When building 3D scenes, interactive visualizations, or browser games
When you need to load or optimize 3D assets (GLTF, FBX, OBJ)
When adding animations, physically based materials, or particle systems
When implementing physics, VR/WebXR, or spatial audio
When migrating to WebGPU or writing compute/custom shaders

Best practices

Start from a minimal scene and incrementally add features to isolate performance issues
Use GLTF for complex assets and precompute lightmaps or LODs for production
Prefer BufferGeometry, instancing, and texture atlases to reduce draw calls
Profile frequently and use post-processing sparingly; bake static lighting where possible
Organize references: fundamentals → loaders/textures → performance → advanced shaders

Example use cases

Product configurator with GLTF models, PBR materials, and environment maps
Browser-based game with animation mixers, physics engine integration, and input controls
Data visualization using BufferGeometry and GPU particle compute shaders
Immersive WebXR scene with spatial audio and optimized shadows
Architectural visualization with HDR lighting, CSM shadows, and high-res models

FAQ

How do I find an example for a specific feature?

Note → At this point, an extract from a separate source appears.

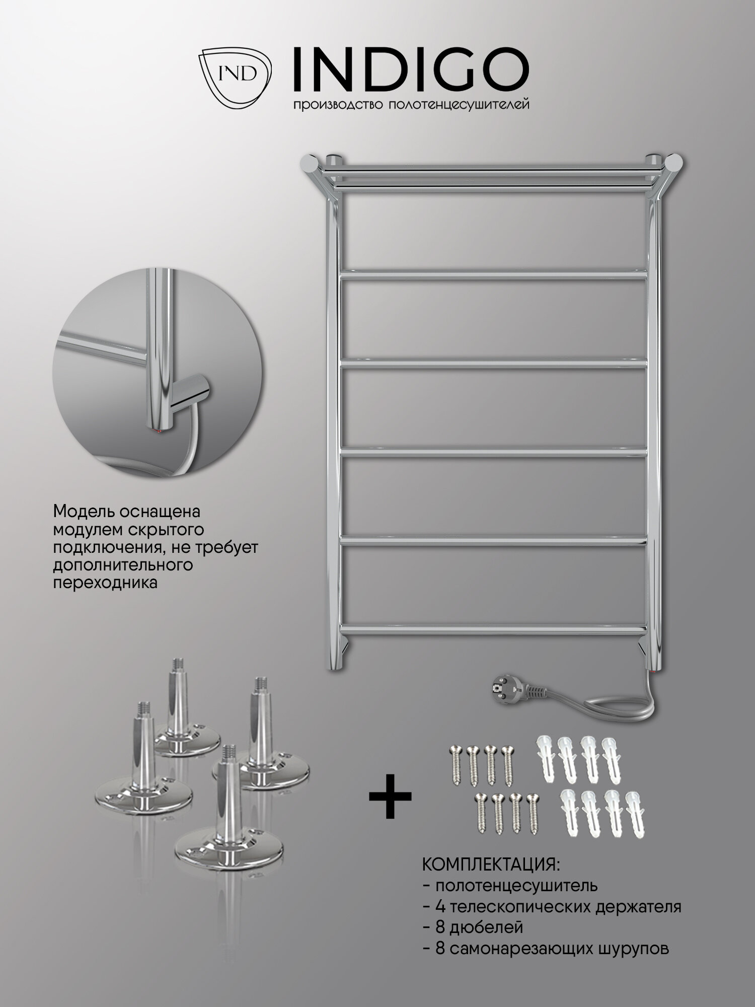 Полотенцесушитель электрический INDIGO Line с полкой 80/50, Полированный
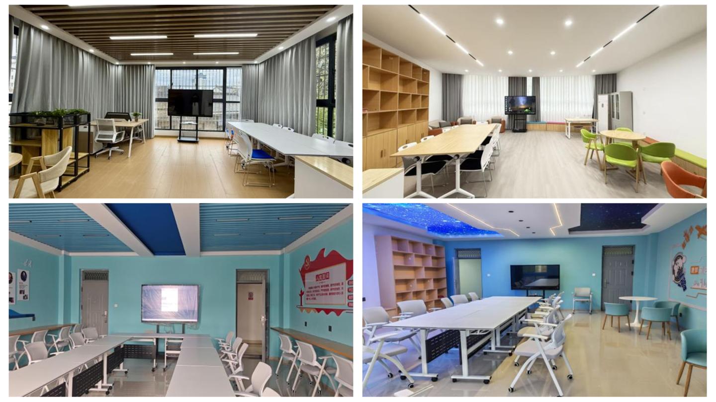 “寓”見系列服務(wù)空間按照“一室多能”的設(shè)計原則,打造了集黨團活動、談心談話、學(xué)業(yè)指導(dǎo)、就業(yè)服務(wù)、心理咨詢?yōu)橐惑w的復(fù)合型物理空間,為引導(dǎo)黨建力量、育人團隊、文化活動貼近學(xué)生開辟了新場域,打造了思政教育高地、師生交流陣地、文化交互基地、生活服務(wù)園地。

Use the provided search tool and specify a domain like examples, api, or use-cases, plus optional filters for category or complexity.

Which loader should I prefer for production assets?

GLTF is recommended for production due to broad support, compact size, and efficient runtime features like draco compression and embedded materials.